Description:
Researchers at TGen and Northern Arizona University have developed a multi-agent multi-locus amplicon sequencing protocol encompassing 79 targets aimed at detecting the presence or absence of five major biothreat agents: Burkholderia pseudomallei, Burkholderia mallei, Bacillus anthracis, Yersinia pestis and Francisella tularensis, as well as the presence and sequence of plasmids, virulence factors, antimicrobial resistance factors, and sequence variant loci for near-neighbor species differentiation with high sensitivity and specificity. The multiple amplicon sequencing system has a low limit of detection while still distinguishes distinguishing between a biothreat agent and its near-neighbor species using both amplification of positive/negative criteria and qualitative analysis of sequence within the amplicons. The multi-agent assay, consisting of two multiplex amplification reactions, was validated against a diverse subset of target agent and near neighbor panels that were previously used to validate assays targeting individual agents. The screening panel of target organism strains as well as near-neighbor strains allowed for differentiation with 100% sensitivity for all target agents and 91-100% specificity.

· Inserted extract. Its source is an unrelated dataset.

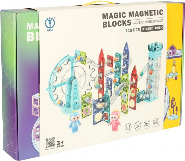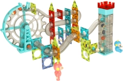 Otkrijte kreativni magnetski građevni set s prozirnim dijelovima i kugličnom stazom koji će oduševiti djecu i roditelje. Zahvaljujući snažnim magnetima konstrukcije čvrsto stoje, kuglice jure kroz promišljene tunele, a posebni elementi poput okretnog kotača i staze s dizalom osiguravaju beskrajnu zabavu. Glazbeni modul s veselom melodijom čini igru još zabavnijom, dok se pri građenju prirodno razvijaju prostorna mašta, logičko razmišljanje i fina motorika.

B. pseudomallei, B. mallei, B. anthracis, Y. pestis and F. tularensis are all Tier 1 select agents, posing a potentially severe threat to public health. Current surveillance methods used by civilian healthcare, government, and military institutions rely upon single locus PCR techniques that allow for only presence/absence of SA results, which has been known to lead to false positives, especially due to the complexity of environmental samples including huge numbers of microorganisms, many of which can be highly similar target pathogens. With the cost of sequencing decreasing and the ability to combine higher and higher numbers of samples on a single run, amplicon sequencing provides a cost effective alternative to individual PCR methods. Targeted amplicon sequencing utilizing a universal amplicon indexing scheme provides a superior alternative to the current single locus PCR systems and enables the detection of multiple biothreat agents across multiple samples with a single sequencing run, as well as the flexibility to adapt for detecting new biothreat agents and signatures.